Problem statement:
Using the data beneath this instruction, retype only the lines from the one that contains "Figure 1. San" down to the one that contains "The U.S. Fish", both included, exactly as they appear.

Source data:
++++++
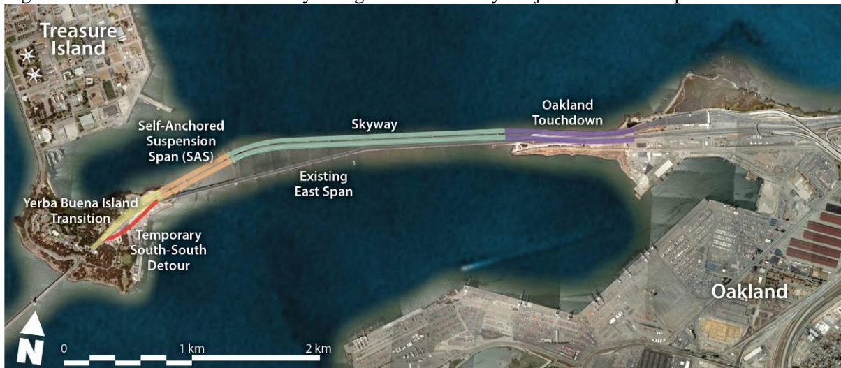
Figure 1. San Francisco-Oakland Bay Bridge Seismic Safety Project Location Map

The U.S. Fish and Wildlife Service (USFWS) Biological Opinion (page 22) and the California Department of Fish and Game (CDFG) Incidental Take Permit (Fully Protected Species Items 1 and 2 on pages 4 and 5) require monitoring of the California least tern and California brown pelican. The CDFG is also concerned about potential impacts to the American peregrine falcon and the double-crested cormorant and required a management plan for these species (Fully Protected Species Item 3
++++++
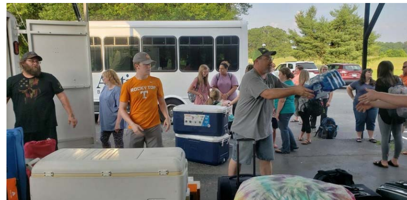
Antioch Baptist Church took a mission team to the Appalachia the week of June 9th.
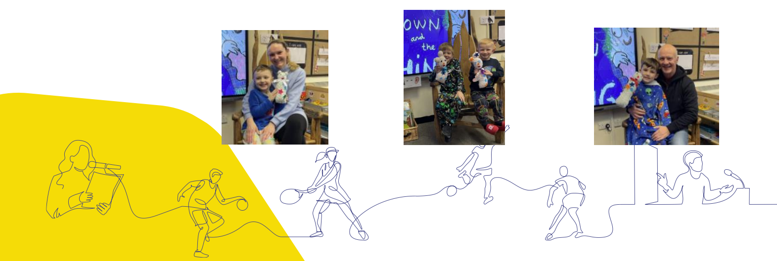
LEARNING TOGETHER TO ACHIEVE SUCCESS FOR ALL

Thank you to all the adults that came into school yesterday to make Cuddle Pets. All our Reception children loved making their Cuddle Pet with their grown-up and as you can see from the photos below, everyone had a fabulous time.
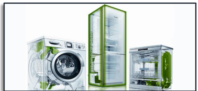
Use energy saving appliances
++++++
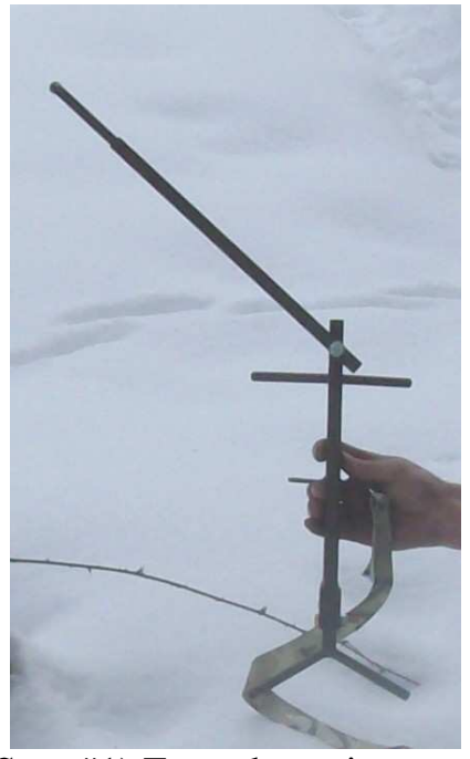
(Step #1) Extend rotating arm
++++++
Your response:
Figure 1. San Francisco-Oakland Bay Bridge Seismic Safety Project Location Map

The U.S. Fish and Wildlife Service (USFWS) Biological Opinion (page 22) and the California Department of Fish and Game (CDFG) Incidental Take Permit (Fully Protected Species Items 1 and 2 on pages 4 and 5) require monitoring of the California least tern and California brown pelican. The CDFG is also concerned about potential impacts to the American peregrine falcon and the double-crested cormorant and required a management plan for these species (Fully Protected Species Item 3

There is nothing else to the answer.